December 26, 2005

HUMAN EXCEPTIONALISM

O come, all ye faithless (Mark Steyn, The Spectator, December 17th, 2005)

It’s hard to persuade an atheist to believe in God. But unless he’s the proverbial ‘militant atheist’ — or, more accurately, fundamentalist atheist — the so-called rationalist ought to be capable of a rational assessment of the comparative strengths and weaknesses of different societies. If he is, he’ll find it hard to conclude other than that the most secular societies have the worst prospects. Rationalism is killing poor childless Europe. But instead of rethinking the irrationalism of rationalism, the rationalists are the ones clinging to blind faith, ever more hysterically. At that ridiculous climate conference in Montreal, Peyton Knight of the National Center for Public Policy Research encountered Richard Ingham, a correspondent for Agence France-Presse: ‘He demanded to know the National Center’s stance on global warming. I began to explain to him that it is our view that mankind is not causing the planet to get appreciably warmer. Before I could delve into any specifics, he cut me off, shouting: “Why? Because it isn’t in the Bible? It isn’t in Genesis?”’

The bit I like isn’t in Genesis, but Psalms: ‘What is man, that thou art mindful of him...? For thou hast made him a little lower than the angels, and hast crowned him with glory and honour. Thou madest him to have dominion over the works of thy hands; thou hast put all things under his feet: All sheep and oxen, yea, and the beasts of the field; The fowl of the air, and the fish of the sea....’

Let’s suppose that there is no God and that the Psalmist just conjured that up out of thin air. Nevertheless, it accurately conveys the central feature of our world — our dominion over pretty much everything else out there. A couple of months back, I was asked about creationism and ‘intelligent design’. Not my bag, so I kept it short. But I did say that the Psalmist had captured the essence of our reality rather better than your average geneticist. I’d just been told that not only does man share 98.5 per cent of his genetic code with the chimp but he shares 75 per cent of it with the pumpkin. If that’s so, it doesn’t seem a terribly useful scale for measuring the differences in our respective achievements. As I put it, ‘The fact is that this is a planet overwhelmingly dominated and shaped by one species, and our kith and kin — whether gibbons or pumpkins — basically fit in the spaces between.’
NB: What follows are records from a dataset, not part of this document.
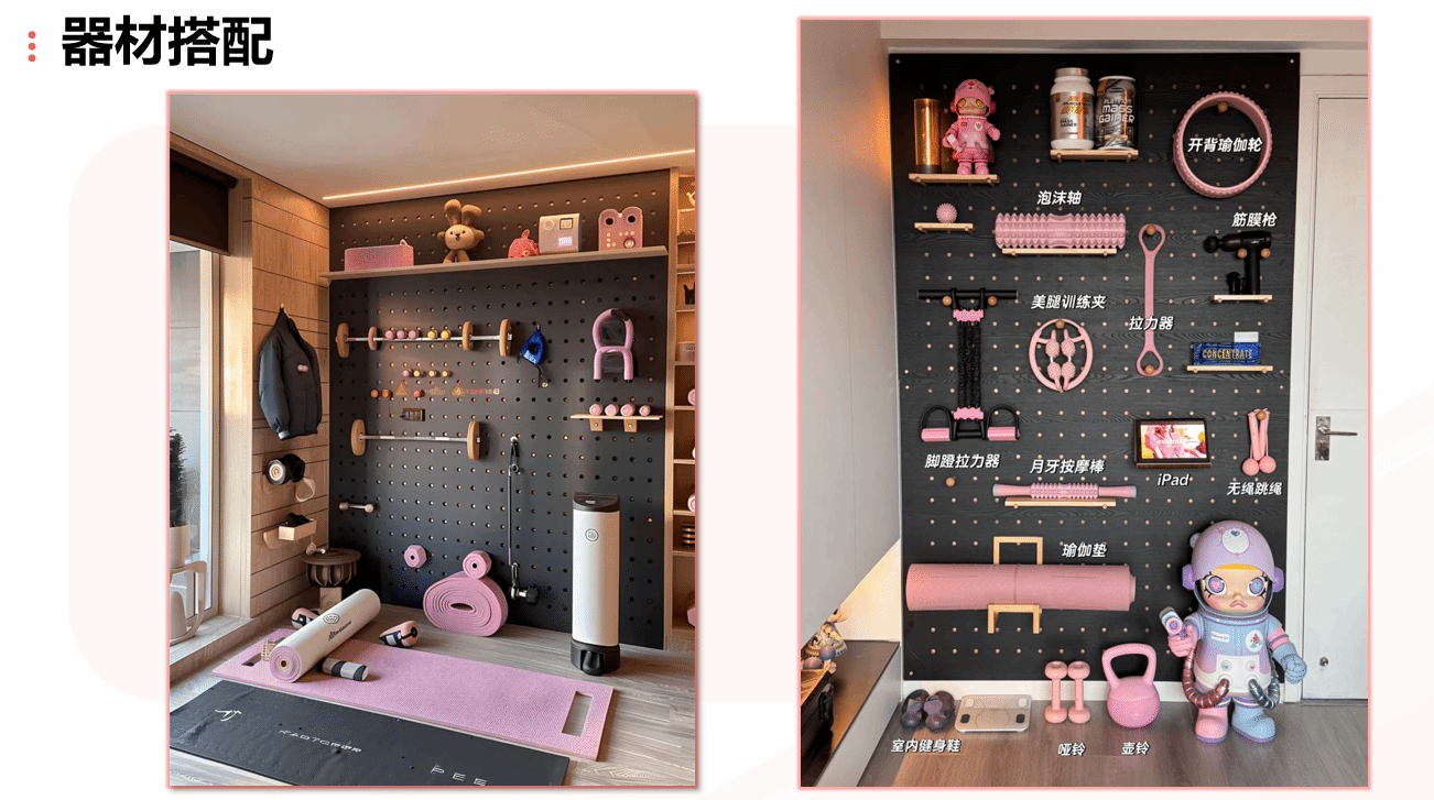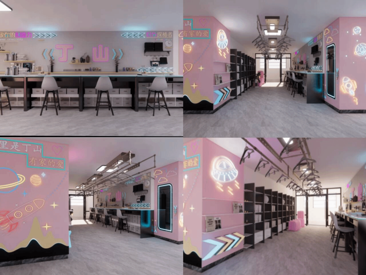 丁山书院风尚雅集客厅:八方来财队、丁山喵喵屋队另辟蹊径,通过探店分享板、磁吸穿搭镜、积木洞洞板、赛博生态墙这四大板块,对传统书院走廊进行功能重构。这一方案不仅提升了空间的实用性,还为同学们提供了一个展示自我风格与创意的平台。
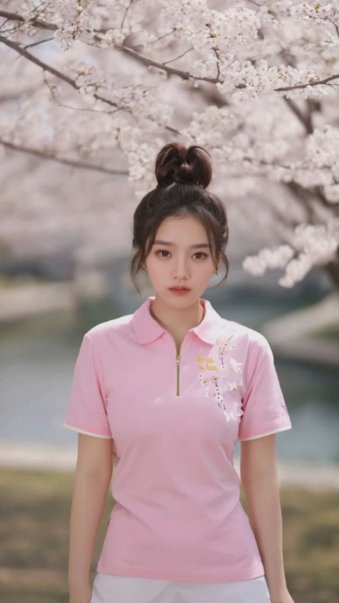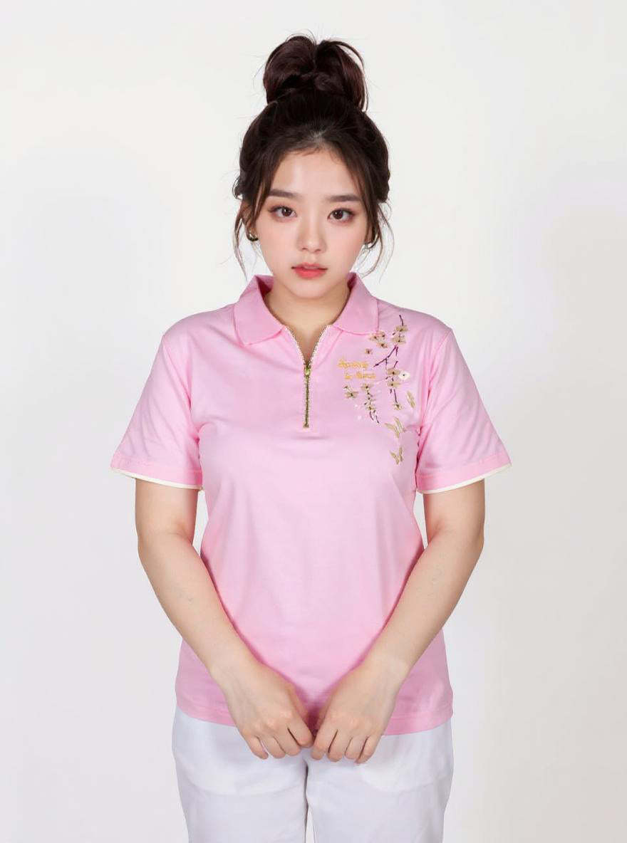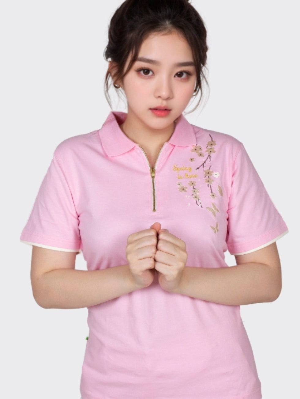 The collar shirt features a soft pink base, symbolizing warmth, renewal, and the beauty of spring. Delicately embroidered on the upper left are elegant cherry blossom flowers, their petals gracefully scattered to create a natural and serene aesthetic. Alongside the floral embroidery, the phrase **"Spring is Here"** is finely stitched in an elegant cursive script, enhancing the shirt’s seasonal charm. The combination of soft pink fabric, intricate cherry blossom details, and thoughtful embroidery makes this shirt a perfect blend of sophistication and seasonal celebration, ideal for both casual and semi-formal occasions.
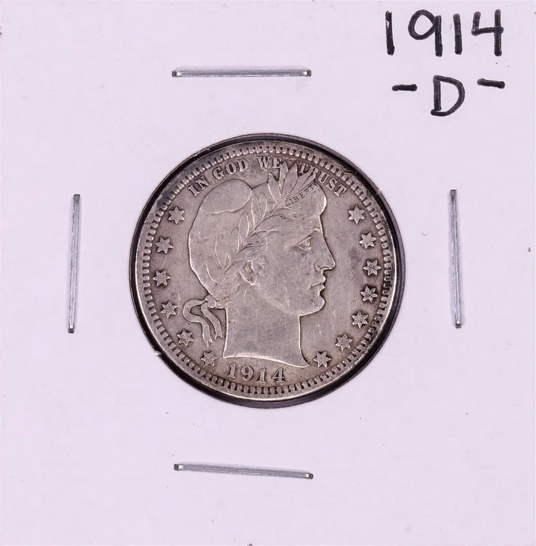 One 1914-D Barber Quarter Coin.
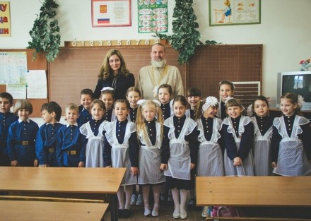 Стоимость гимнастерки и брюк для мальчика составляет 1250 рублей и 1350 рублей соответственно, белый фартук для девочек стоит 900 рублей.
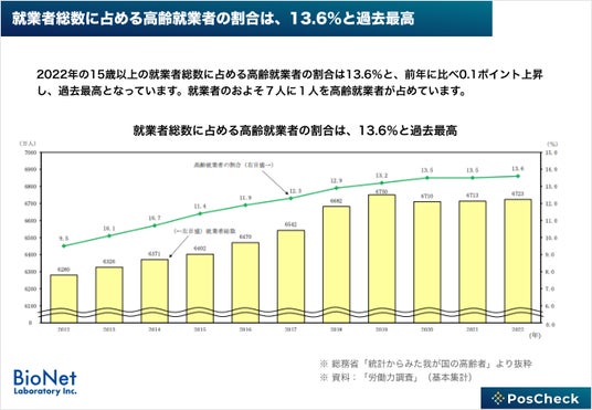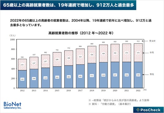 厚生労働省発表資料および総務省統計局提供のデータによると、65歳以上の高齢者の就業者数は、19年連続で増加し912万人と過去最多を記録し、就業者総数に占める高齢者の割合も13.6%と過去最高水準を記録しています。
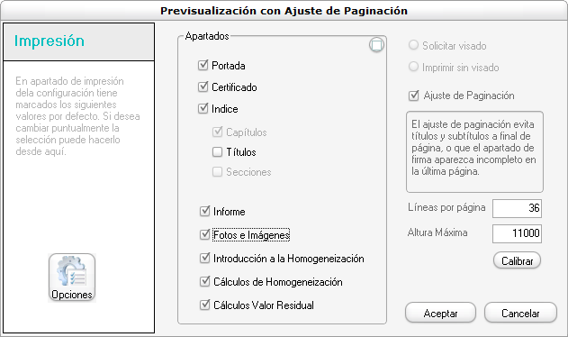 en la previsualización final vemos la misma lista de apartados a imprimir, pero esta vez acompañados del check marcado y unas casillas de valor para indicar el número aproximado de líneas por página y la altura de la página (en una medida basada en puntos máximos por pantalla). No hemos de saber dichos parámetros, ya que vienen predeterminados para la fuente Arial y se pueden calibrar automáticamente para otras fuentes mediante el botón que encontramos debajo.En la lista la Homogeneización de testigos solo aparece si hemos realizado previamente el cálculo.

This modest thought provoked Paul Z. Myers, professor of biology at the University of Minnesota, into paroxysms of scorn: Steyn, he scoffed, ‘must not possess a gut populated by intestinal bacteria. We are at their mercy; without them, we suffer horribly for a while and die.... He must not have any wooden furniture in his home, or plastic ...made from the carbon left by ancient forests.... It’s a good thing he doesn’t eat, or he’d have to excrete — without any bacteria or fungi or nematodes or flatworms, the shit would just pile up (this would explain his written output, though).’

Oh dear. All I was doing was making a simple point about the scale of man’s domination, and all Professor Myers’s demolition does is confirm it. My intestinal bacteria may indeed be doing a swell job, but living in my gut isn’t exactly a beach house at Malibu. Yes, I’ve got wooden furniture. I live in the Great North Woods and the house and practically everything in it is made from those woods. But I sit on the chair, the chair doesn’t sit on me. And as for my excreta and the hard-working nematode, who gets the better end of that deal?

In a way, Professor Myers is only taking transnationalism to its logical conclusion. After all, if one is obliged to pretend that the Americans, Belgians, Greeks and Canadians are all equal members of a military alliance, it’s not such a stretch to insist that the Americans, the flatworms, the intestinal bacteria and your Welsh dresser are all equal partners in some grand planetary alliance. Nonetheless, if we are virtually the same as a chimp, the 1.5 per cent of difference counts for more than the 98.5 per cent of similarity. The Psalmist seems to find that easier to understand than the biologist does.

Natural evolution stumbles horribly and often hilariously when trying to explain human history and human nature, which perhaps explains the zealotry with which its proponents drop all pretense to objective inquiry, deny the overwhelming evidence before their eyes and insist there is nothing intrinsically special about man.


Posted by Peter Burnet at December 26, 2005 8:45 AM
Comments

Natural evolution stumbles horribly and often hilariously when trying to explain human history and human nature, which perhaps explains the zealotry with which its proponents drop all pretense to objective inquiry, deny the overwhelming evidence before their eyes and insist there is nothing intrinsically special about man.

Despite what the nuttier proponents of natural evolution may or may not insist upon, the theory of natural evolution DOES NOT claim that there is nothing intrinsically special about humans.
It says that there is nothing intrinsically special about how humans came to be - which is also what religionists believe.

God, after all, made the worms and ants in the same way that She made humans.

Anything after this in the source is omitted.